▸ **SUPPLIED INFORMATION**
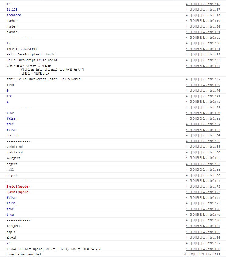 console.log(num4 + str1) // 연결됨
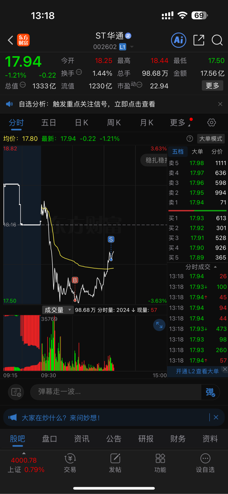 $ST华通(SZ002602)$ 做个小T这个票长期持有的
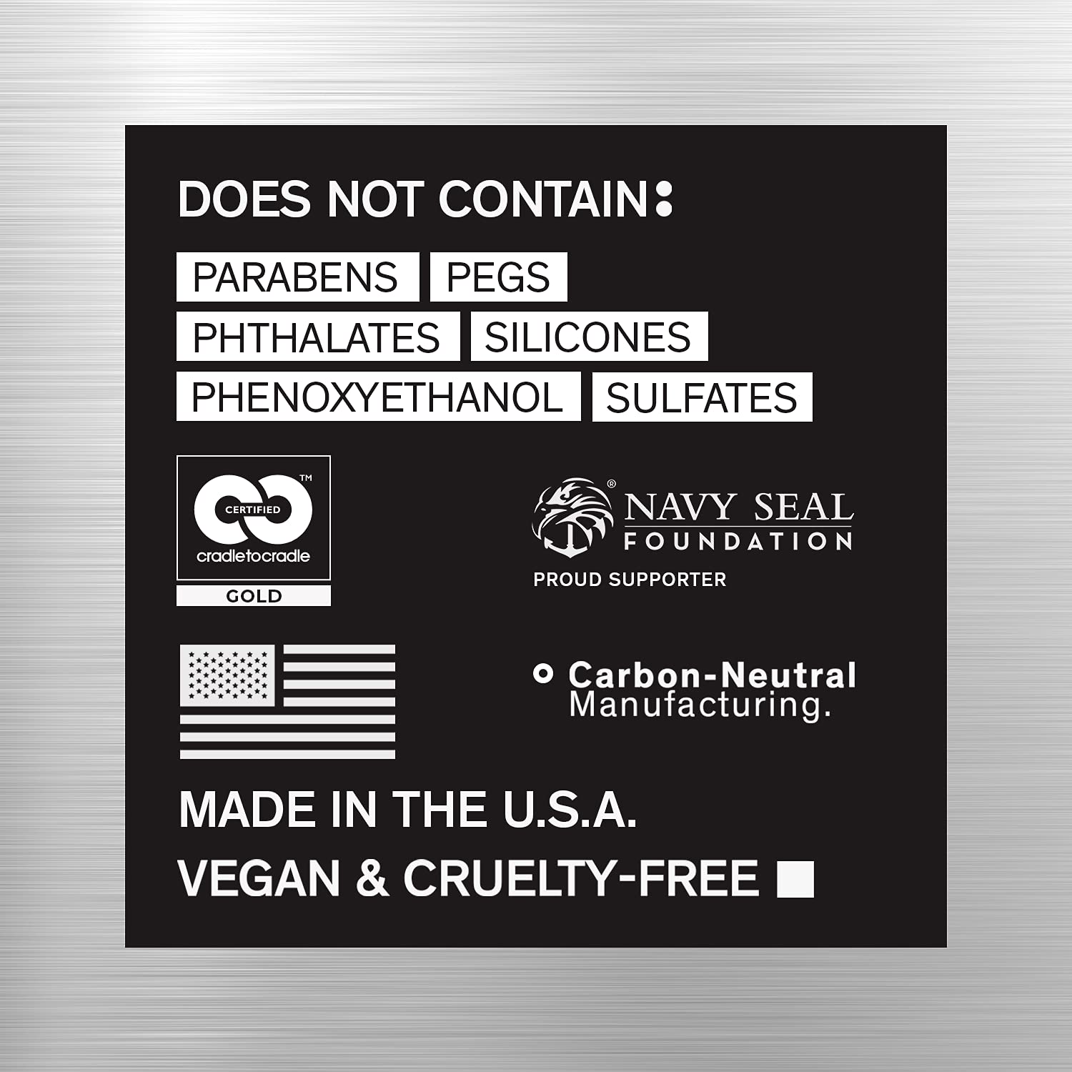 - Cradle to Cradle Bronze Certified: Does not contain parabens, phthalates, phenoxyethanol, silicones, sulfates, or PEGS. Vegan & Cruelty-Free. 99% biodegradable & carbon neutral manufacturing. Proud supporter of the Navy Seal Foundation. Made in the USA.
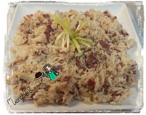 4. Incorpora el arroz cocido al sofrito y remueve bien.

▸ **THE TASK**
Restate all of the material word for word, leaving every picture out.

▸ **EXERCISE ANSWER**
 console.log(num4 + str1) // 연결됨
 $ST华通(SZ002602)$ 做个小T这个票长期持有的
 - Cradle to Cradle Bronze Certified: Does not contain parabens, phthalates, phenoxyethanol, silicones, sulfates, or PEGS. Vegan & Cruelty-Free. 99% biodegradable & carbon neutral manufacturing. Proud supporter of the Navy Seal Foundation. Made in the USA.
 4. Incorpora el arroz cocido al sofrito y remueve bien.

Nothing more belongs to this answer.